全国紙、産業界、政界が移民立国に向かって動き出す
 3月28日の日経新聞の一面トップに「2020年全都道府県で人口減」の見出しの記事が掲載された。その結論部分は次のとおり。
「元気な高齢者や女性が社会保障の受け手から支え手に変わらなければ、経済の活力は維持できない。国内の働き手の急減を補う移民の検討も課題に浮上してくる」

 翌29日の日経新聞は、政府の産業競争力会議(議長・安倍晋三首相)の民間議員がまとめた「外資誘致に向けた民間議員の提言」について報道している。
『日経』によると、提言の中に「高い能力を持つ外国人の在留基準の緩和。特に東京で特区を設けて受け入れを促進」と「移民政策を本格的に検討」が入っているとのこと。

 安倍政権は最重要の課題の移民問題に本格的に取り組む構えではないか。

 3月30日の朝日新聞の社説は、「外国人看護師―結果が出る養成策を」の見出しで次のように主張した。
書き出しは「高齢化社会を迎え、看護現場に多くの手が必要だ。外国からの人材にも、大いに力になってもらいたい」である。
結びは「看護師不足が一層深刻化してから手を打っても遅すぎる。

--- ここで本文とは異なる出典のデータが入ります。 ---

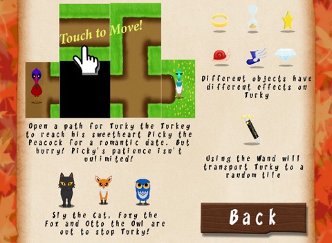 You can help Turky cross the garden by opening new paths in this new sliding puzzle adventure but be careful: Sly the Cat, Foxy the Fox and the relentless Otto the Owl are all there to catch Turky and make him miss his date!

ケア人材についての移民政策を打ち立て、「人の開国」に弾みをつけるべき時だ」である。

 『朝日』の社説は移民政策支持の立場を鮮明にしたものだ。

 今か今かと待ちわびていたが、全国紙、産業界、政界は移民立国に向けた動きを加速させる気配だ。移民に春が訪れるのは遠くないと予感する。

« »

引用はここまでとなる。